Parmi ce nombre, l’Association des étudiants de la Faculté d’éducation de l’UQAM, qui compte plus de 5 000 membres, s’est jointe au mouvement de grève de deux semaines. C’est ce qu’on peut lire sur le site www.Printemps2015.org qui recense les mandats de grève dans les rangs des étudiants. Me croyez-vous toujours quand je vous dis qu’une grève se prépare ?
C’est au tour de Sherbrooke
À l’UdeS, l’Association générale des étudiantes et étudiants en médecine (AGEEMUS) a voté à l’unanimité pour une grève ponctuelle le 30 mars prochain, ce qui touche 700 étudiants.

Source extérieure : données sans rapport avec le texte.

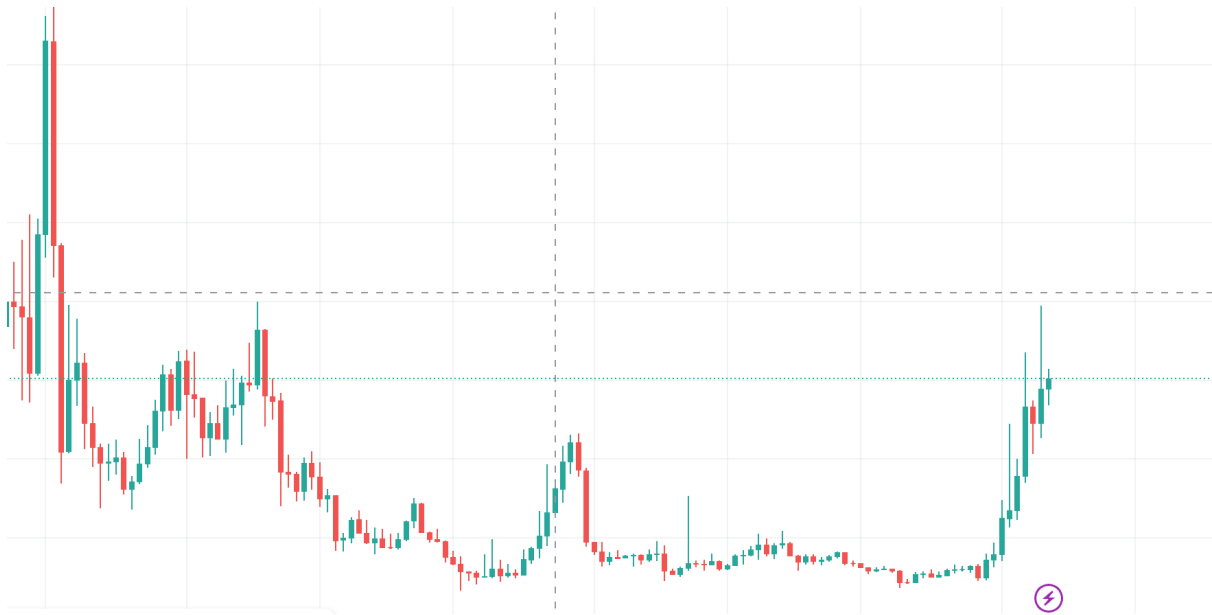
Weekly Chart 4: BingX TRBUSDT Price

Der TRB-Token befindet sich seit mehreren Monaten in einem kontinuierlichen Preisanstieg, der im August bei 10 $ begann und bis zu den aktuellen 60 $ anstieg. Dieses Wachstum kann auf das reduzierte Angebot des Tokens und die bereits erwähnten Informationen zurückgeführt werden.
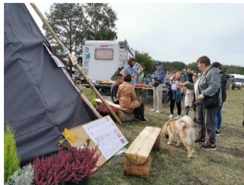
Raahessa vapaaehtoiset olivat monin tavoin mukana luomassa viihtyisämpää elinympäristöä.

Vapaaehtoishankkeiden lisäksi hankkeessa työstettiin myös ensimmäisiä Erasmus+ -nuorisovaihtohankkeita. Keväällä 2019 Espanjan kansallinen toimisto hyväksyi Asociación Juvenil Almenaras -järjestön hakemuksen, jossa Nouseva Rannikkoseutu ry on mukana yhtenä kumppanina. Seitsemän maan yhteinen taideaiheinen nuorisovaihtohanke toteutetaan Malagassa (Espanja) loppuvuoden 2019 aikana. Rahoituksen saaneen hankkeen lisäksi Nouseva Rannikkoseutu ry on MUN KOOVEE -hankkeen aikana ollut kumppanina suunnittelemassa ja hakemassa rahoitusta kansainvälisten kumppanien nuorisovaihtoprojekteissa:

De plus, l’Association générale des étudiants en lettres et sciences humaines (AGEFLESH) a un référendum de grève à venir le 24 mars prochain, tout comme l’Association générale des étudiantes et étudiants de la faculté d’éducation (AGEEFEUS) qui votera le 25 mars. C’est donc important pour tous les étudiants de faire entendre leur voix, qu’ils soient pour ou contre ce mouvement. Il ne faut pas oublier qu’une grève à l’AGEFLESH et à l’AGEEFEUS réunis toucherait plus de 4 000 étudiants.
Porter la voix d’une génération
Le mouvement étudiant n’est pas issu d’un sentiment de révolte primaire. Certes, il n’est pas non plus parfait. Il présente parfois certaines lacunes argumentatives, il arrondit parfois les coins à son avantage. Mais il a cette volonté qui le rend fort.
Le mouvement étudiant a également autre chose d’enviable, depuis le printemps érable de 2012. Au fond de cet épineux débat sur la hausse des droits de scolarité, il a su diversifier ses tactiques pour interpeller un plus grand nombre de gens et pour encourager l’implication multidisciplinaire. D’un groupe majoritairement réticent, il a su former une masse unie, militante et axée sur la réflexion.
Voter ?
Vous, chers étudiants de l’UdeS qui irez voter, je vous dis ceci avant de terminer. Il ne s’agit pas simplement de prendre position pour ou contre l’austérité. Il s’agit de porter la voix d’une génération qui refuse la tangente qu’emprunte actuellement la société québécoise.
En refusant de négocier avec les étudiants sous prétexte que leur voix ne pèse pas lourd dans la balance du Québec, le gouvernement traite ses citoyens exactement comme il le fait avec l’éducation et le savoir : comme une marchandise.